# Whats the scoop on Oaky Woods closing?



## Oldstick (Apr 4, 2006)

Any know the date it will be closed to the public as a WMA?  What about the part in Pulaski Co with the public shooting range?


----------



## Danny Leigh (Apr 7, 2006)

I have not heard anything on Oaky Woods, but the shooting range is on Ocmulgee which seems to be somewhat safe for the near future. They do have OW listed for sale with the "Highest and best use of this tract will be for development".   

http://www.galandsales.com/index.php?action=listingview&listingID=5


----------



## Oldstick (Apr 7, 2006)

That does make steam come out of one's ears don't it?  I thought it had been sold already to one of the already richest developers in middle GA.  Don't know if it was owned by the state or a paper company.  If it was the state, I think we need taxpayer's revolt on the capitol.


----------



## marknga (Apr 8, 2006)

I'm pretty sure it was leased by the state BUT it does chap my backside...............I have alot of great memories of Oaky Woods and Ocumulgee WMA. Started hunting there as a small boy with my dad back in the 60's.
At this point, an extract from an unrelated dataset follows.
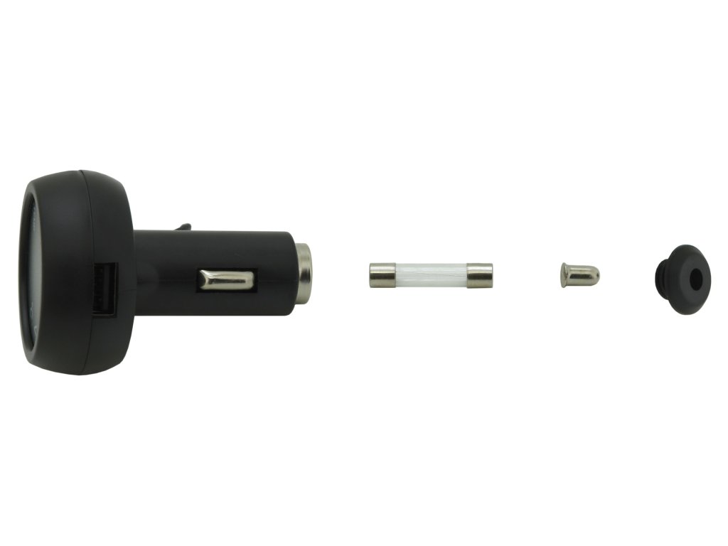 Adaptér, pomocí kterého se nabíjejí USB zařízení z 12V, či 24V zásuvky automobilového zapalovače.

Shame to see it turn into more overpriced houses.

Mark


----------



## BBond (Apr 10, 2006)

The property that was sold was never owned by the state.  It was leased by the state from Weyerhaeuser.  Then Weyerhaeuser sold it to the current owners who are currently still leasing it to the state.


----------



## jmiller (Jul 2, 2006)

anybody heard that our ole good gov. boy sunny perdue has interest in one of the wma's that him and his brother is looking to buy?


----------



## Buckerama (Jul 5, 2006)

marknga said:
			
		

> I'm pretty sure it was leased by the state BUT it does chap my backside...............I have alot of great memories of Oaky Woods and Ocumulgee WMA. Started hunting there as a small boy with my dad back in the 60's. Shame to see it turn into more overpriced houses.
> 
> Mark



Ocmulgee is still there the state bought back most of the land they lost but they did loose around id say 5-6 thousand acres


----------